Information on biocides
Information on biocides
Here you can find information on active substances for which an application for approval for a specific biocidal product-type has been submitted under the Biocidal Products Directive (Directive 98/8/EC) or the Biocidal Products Regulation (Regulation (EU) No 528/2012).
The data includes "existing" active substances included in the Review Programme, "new" active substances as well as Annex I substances that can be used in biocidal products eligible for simplified authorisation.
How to search
You can view the information on biocidal active substances in two ways:
per specific active substance and product-type combination (use the Search tab); and
as a summary of all product-type applications that have been submitted for a given active substance (Summary tab).
Using the Search tab, you can search with:
Active substance details: substance identifiers, product-type, candidate for substitution.
Approval data: for example the status of an application for approval, the assessment step in the approval process, validity of the approval granted.
Related authorised biocidal products (trade name of a biocidal product).
How the information is presented
The results table presents information on an active substance, such as approval start and end date, evaluating competent authority and approval or assessment status. The substance name is a link to the substance information page (Infocard) which summarises information on a substance from all regulatory contexts managed by ECHA.

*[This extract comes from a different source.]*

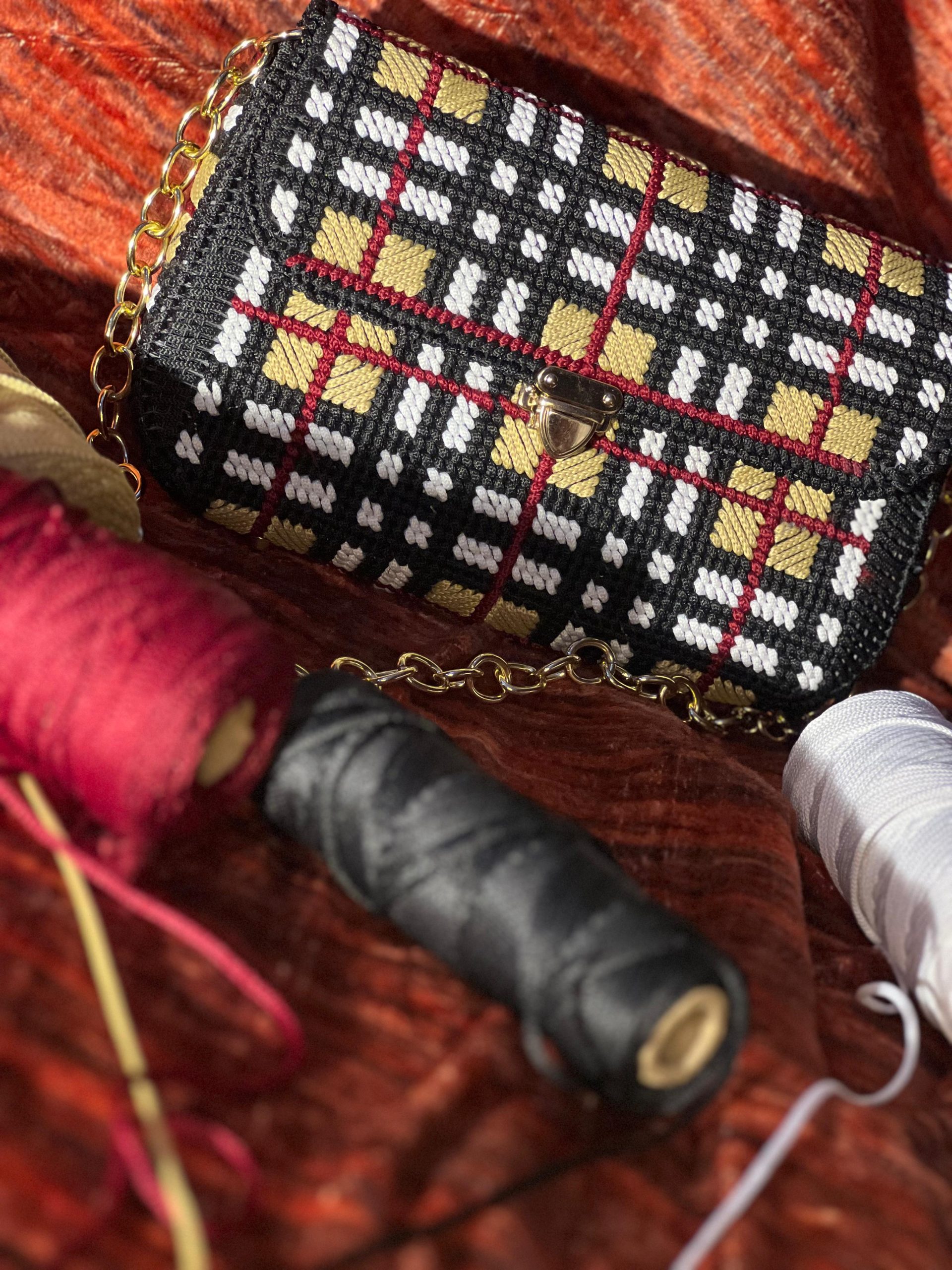 Discover timeless sophistication with this exquisite handwoven Burberry pattern chain bag – a stunning fusion of classic design and artisanal craftsmanship. Each bag is meticulously handwoven to recreate the iconic Burberry check pattern using rich black base threads interwoven with crisp white, luxurious gold, and bold red accents, creating a sophisticated and eye-catching checkered effect.

More information on a specific active substance authorisation can be found in the factsheet. The factsheet holds details on the latest approval data, including relevant documents, related authorised biocidal products, and an overview of all the changes on the active substance approval. The active substance factsheet is accessible through the eye icon in the results table.
In the results table, the number of related authorised biocidal products can also be visible. The number represents the count of product clusters (groups of authorisations) containing the given active substance.
The Summary tab lists all product-type applications that have been submitted for a given active substance, approval has been granted or refused. The approval status of an active substance and product-type combination is described with an icon. Hovering your mouse over the icon, you can see the status of an application for approval, the assessment step if the approval process is ongoing, and you can access the active substance factsheet.
You can export the active substance results to the ECHA website standard formats (XLS, CSV and XML).
Due to a technical problem, which is under investigation, substance/product-type combinations previously evaluated by the United Kingdom in the framework of the Review Programme Regulation, are incorrectly displayed as “Cancelled application”.
Last updated 20 April 2019. Database contains 832 active substance-product type and Annex I records for which approval has been sought.